Elle s’assoit sur le genou qu’il lui propose, ainsi que le font les taulières de la tradition bordélique.
— Pour en r’v’nir su’ not’ converse d’ t’à l’heure, j’ai envie qu’on fasse un estra av’c mon zob, môme !
— Ah ! tu t’décides ?
— Tes clilles, sous l’estrade, la Veronica et ses aminches, t’es en bons termes av’c z’eux ?
— Tu parles : des années qu’j’ les pratique !
— C’t’à eux qu’tu vas proposer d’mater ma membrane, Cocotte ! Raconte-z’y c’qu’tu voudreras, comme quoi tu viens d’ dégauchir l’plus beau manche du monde. Un Français pafé comme un’ bourrique. La pièce d’collection à n’pas rater. Çui qu’a pas vu ça, n’sait rien d’la bite ! Si, comme j’l’espère, y sont branchés, tu leur annonces qu’ je prends cinq cents dollars pour l’esposer et, au b’soin, la laisser manipuler. Deux cents dollars d’mieux pour fourrer les d’moiselles intéressées ; par cul, naturellement ! Si y veuillent, tu leur racontes comme quoi j’ai pas d’local et qu’y m’emmènent où ça leur chante. Banco ?
Marinette, bonne fille, se lève.
— T’es un sacré loustic, Alexandre ! J’aimerais savoir ce que tu as derrière la tête…
N’empêche qu’elle gagne la table de Veronica Trabadjabueno. Elle s’accroupit au milieu du groupe et se met à parler à ses bizarres clients.
— J’sens qu’ça va jouer, annonce le Gros. Mon instincte s’goure jamais. Si c’est O.K., tu t’casses et t’attends not’ décarrade au volant d’ ta tire. Ton rôle s’ra d’nous filocher, qu’au moins tu suces où qu’on gît, si ça tourne mal !
Il réveille Pinaud.
— Rambouillet ! lui crie-t-il à l’orée de la feuille. Tous les voiliageurs descendent d’ voiture !
César revient au monde immense et radieux. Il remue ses lèvres comme un que ses profondeurs taquinent mochement.
— Je crois que tu avais raison, murmure-t-il.
— A quel propos ?
— Au sujet des chorizos. Voilà que je reprends mal au ventre !
— T’es pas voiliageable ! s’emporte Béru. Si tu sens qu’ ça foire, va à l’hôtel, ça r’pos’ra la lit’rie d’ la mère del Panar !

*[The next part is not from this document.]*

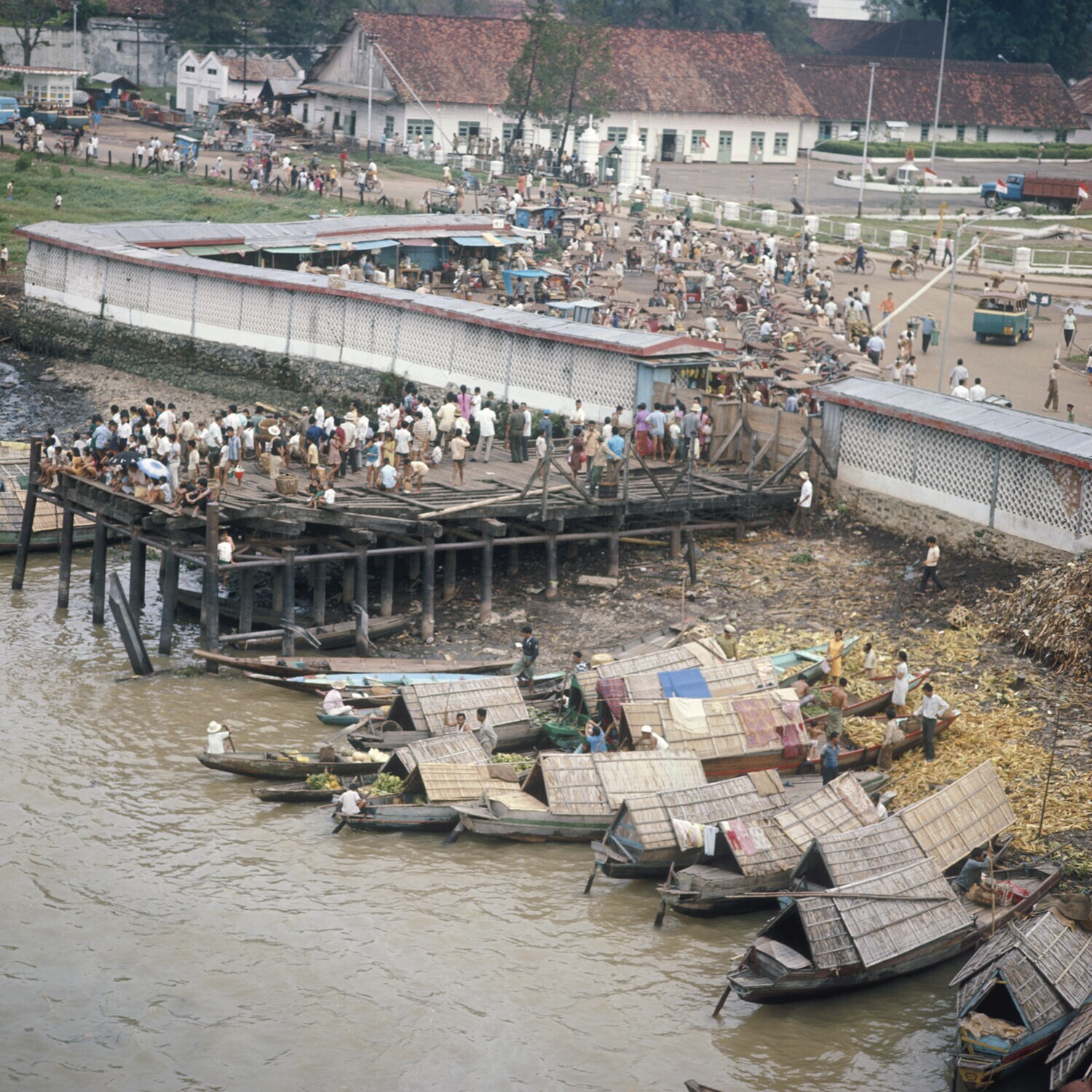 Prauwen bij een steiger, Palembang

Marinette vient annoncer que les blousons blancs acceptent d’enthousiasme. Elle leur a fait une telle description des charmes discrets du Mastar qu’ils veulent absolument s’offrir ce délicat spectacle.
Alonzo Gogueno se brise sans plus attendre. Là-bas, les quatre se lèvent. Marinette leur adresse un signe et ils s’approchent de la table du phénomène.
— Ecce homo ! leur fait-elle, en montrant Béru. Puis, désignant Pinuche : son manager.
Le quatuor examine Béru avec un étonnement non feint. Ces jeunes, superbes et beaux, s’imaginaient que le détenteur d’un paf de légende devait être un mâle ardent, baraqué Tarzan. Et qu’ont-ils devant eux ? Un gros poussah cradingue et mal rasé, qui pue la porcherie.